A company will often come in and request an exception from the spacing requirements, and the commission has found in recent months that requests for spacing exceptions were being made as drilling permits were requested, and the required notice of the spacing exception was given, but the commission had already issued a permit.

In those cases, Norman said, the commission told operators “that you will be drilling at your own risk, in case there is a protest to this spacing exception,” but that kind of procedure should only be allowed “in exceptional circumstances, because it’s little comfort if somebody’s just completed a 10,000-foot well, to then get into an argument over whether that well was drilled to a proper location.”

The commission “will, in compelling circumstances, still grant waivers, but ordinarily, the procedure will be to first … (go) through the process of getting a spacing exception, then we will grant the permit.”

This is a case, he said, where the commission is “tightening back” on industry to limit waivers.

Emphasis on mechanical integrity of wells

Another area where the commission is tightening up, Norman said, is on mechanical integrity of wells.

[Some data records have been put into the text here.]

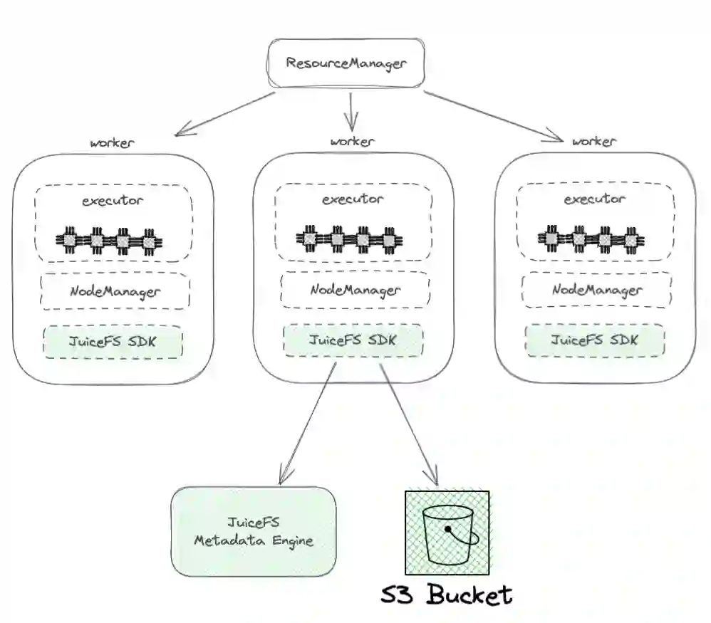 从下面这个简单的示意图看到, YARN 管理的这些执行节点上,都带一个 JuiceFS Hadoop SDK, 这个 SDK 可以保证完整兼容 HDFS。图片下方可以看到, SDK 它需要访问两个部分,左侧是 JuiceFS Meta Engine,右侧是 S3 bucket。Metadata engine 就相当于 HDFS 里的 NameNode,整个文件系统的元数据信息会存储在这里,元数据信息包括目录数、文件名,权限时间戳这些信息,并且相应的解决掉了 HDFS NameNode 扩展性 、GC 这些的痛点。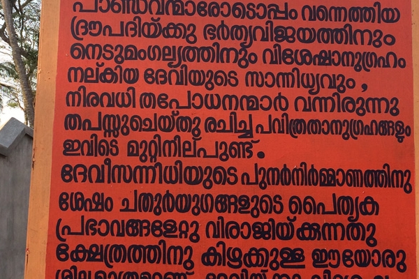 The Aikunnu Pandavagiri Devi Kshetram (Temple), situated in Venginisseri village of the Paralam panchayat, is most famous among the 108 Durga temples consecrated by Parasurama in the Treta Yuga.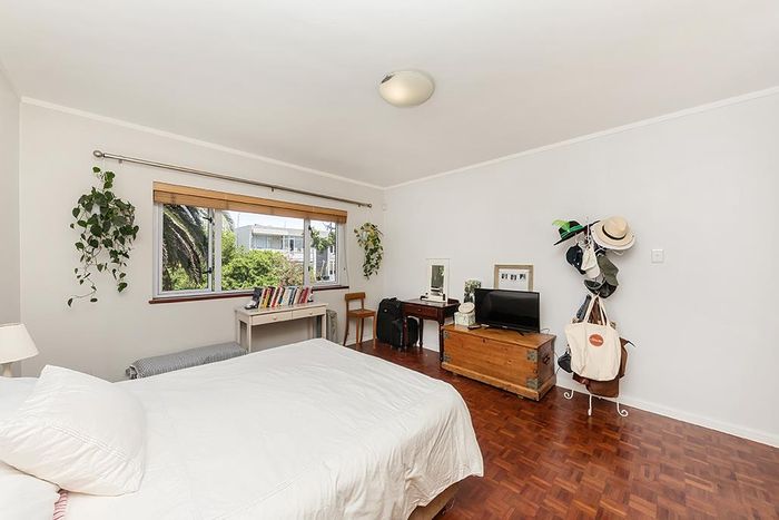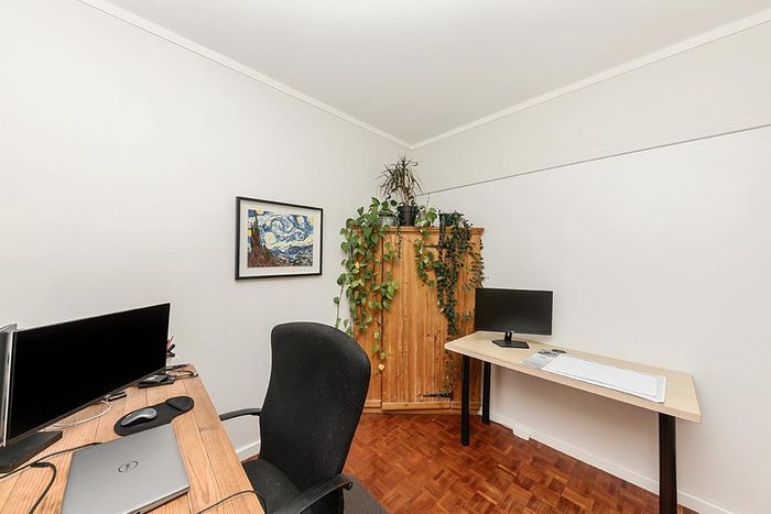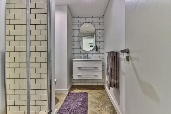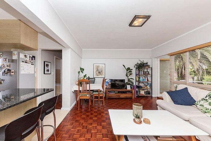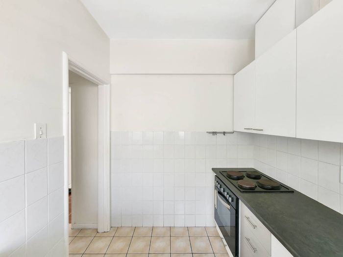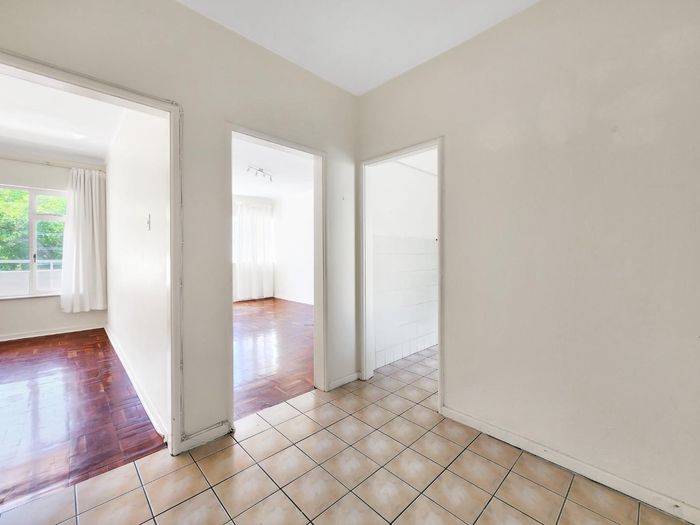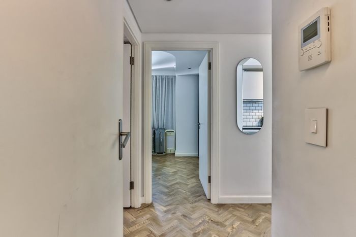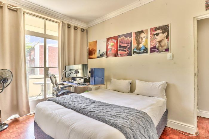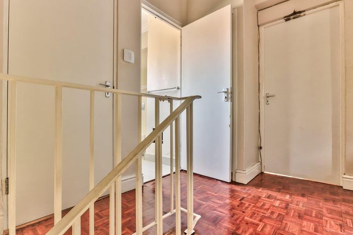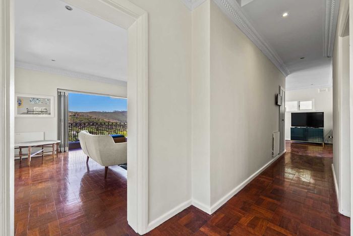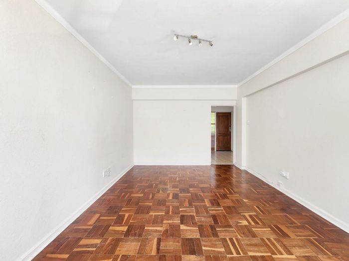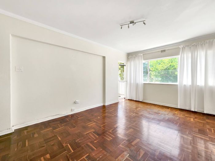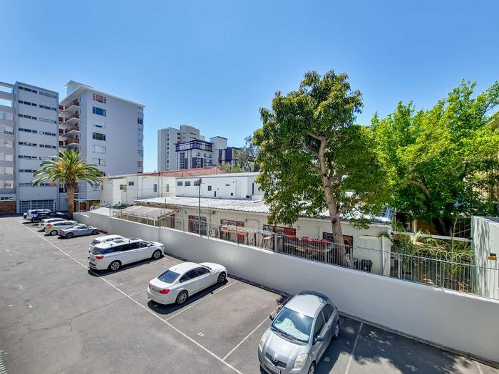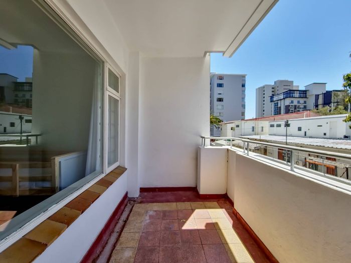 2-bedroom flat with parquet flooring, built-in cupboards, balcony views of Table Mountain, and close to cafes and shops.

It’s a natural outgrowth of Alaska’s gradually aging wells, he said. With new equipment, you might find leaks around fittings, “but as equipment ages, you do get problems with mechanical integrity.”

The commission intends “to carefully scrutinize all wells that lack mechanical integrity,” he said.

When operators report a problem with mechanical integrity, “we are going to expect a plan of corrective action with some specific timelines, or alternatively, if the operator feels that the well can be operated safely, then we expect their application to document that thoroughly to us.”

What the commission expects to see, Norman said, is “a plan for corrective action to restore mechanical integrity” or a very clear showing that “a lack of mechanical integrity is not serious…” Otherwise, he said, “the commission will not permit that well to continue to be operated.”

As Alaska’s infrastructure has matured, “often operators have said well we’d like to watch this just for a while, and the commission’s position is that that’s not a plan for corrective action, just to watch it.” The commission will allow an operator to watch a well while it is ordering equipment for repair. The operator can also argue that the “leak is of so little consequence that it doesn’t pose any threat.” If the commission agrees, it will require the operator to monitor the well.

The commission is also exploring ways to work cooperatively with the Environmental Protection Agency on managing injection wells. Currently the commission is responsible for some 1,100 Class II injection wells and the EPA is responsible for seven Class I wells. Because Alaska’s Class I wells are associated with oil field infrastructure, Norman said, it would save EPA sending inspectors from Seattle if the commission had oversight.